A charged balloon. A thin stream of liquid falling from a pinhole. Zero contact. Hold the balloon close and record exactly what happens — then do the same test on a completely different liquid. The results might not be what you expect.
• But does every liquid do this? You are going to test oil using the same setup. Same charge. Same distance. Same method.
• Before you do anything else, read Step 1 carefully — there is one clue about the shape of each molecule. Use that clue to make a prediction. Write it down. The answer is in the shape.
• Your water stream bent. Your oil stream didn't. What does the difference tell you about the inside of a water molecule at a level you cannot see with your eyes?
You charged your ruler by rubbing it on wool. Where did the charge come from — and what exactly happened when the ruler came near the water stream? Draw a diagram with labels showing the electrons, the ruler, and the water molecules.
Try shaking oil and water together in a jar. They separate out no matter how hard you shake. But water dissolves salt, sugar, and food colouring perfectly.
Think about the boomerang shape you learned about in Step 1 — and what you just saw happen to the water stream. Can you use that to explain why water mixes with some things but not others?
"Want the full teacher guide? The Crazy Scientist Lab includes classroom delivery tips, how to manage the WOW moment, differentiation for Stage 2 & 3, — ready to teach tomorrow."
Think Like a Scientist
Scientists don't just do ONE experiment; they change one part of the experiment (independent variable) and then see how it affects another part of the experiment
(dependent variable)
Change ONE variable and test again.
Does the distance between the ruler and the stream change how much the stream bends?
Does rubbing the ruler for longer produce a larger bend, and is there a point where more rubbing makes no further difference?
🧪 Try it! Change ONE thing and test again. What did you discover?
Want to go deeper?

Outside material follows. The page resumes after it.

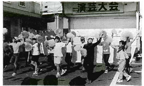
東則貞・北則貞子ども会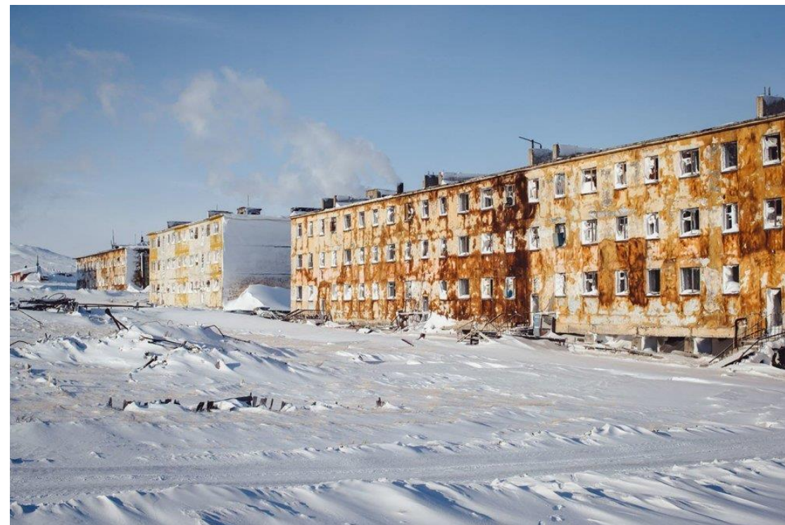
Типовые панельные дома в аварийном состоянии

Tap a section below to explore. ▼
The Science Behind It
What's really happening?
When you rub a balloon or ruler on your hair or wool, you are moving tiny particles called electrons from one material to the other.
The material that gains extra electrons becomes negatively charged. Hold that charged object near a thin stream of water and something surprising happens — the stream bends toward it, without any contact.
This is static electricity bending a liquid.
Why does water bend but oil doesn't?
Water molecules have a special bent shape — like a tiny boomerang. Because of this shape, one end of the molecule is slightly positive and the other end is slightly negative.
Scientists call this a polar molecule. When the negatively charged ruler comes close, the slightly positive ends of the water molecules nearest to it swing toward the ruler — like compass needles all pointing the same direction.
When billions of molecules all tilt the same way at once, the force is strong enough to pull the whole stream sideways.
Oil molecules are shaped completely differently — long, straight chains with charge spread evenly all the way along.
There are no positive or negative ends to be attracted to anything. When the charged ruler comes close, there is nothing to grab. The oil stream keeps flowing straight.
Same equipment. Same charge. Completely different result — because the shape inside the molecule is different.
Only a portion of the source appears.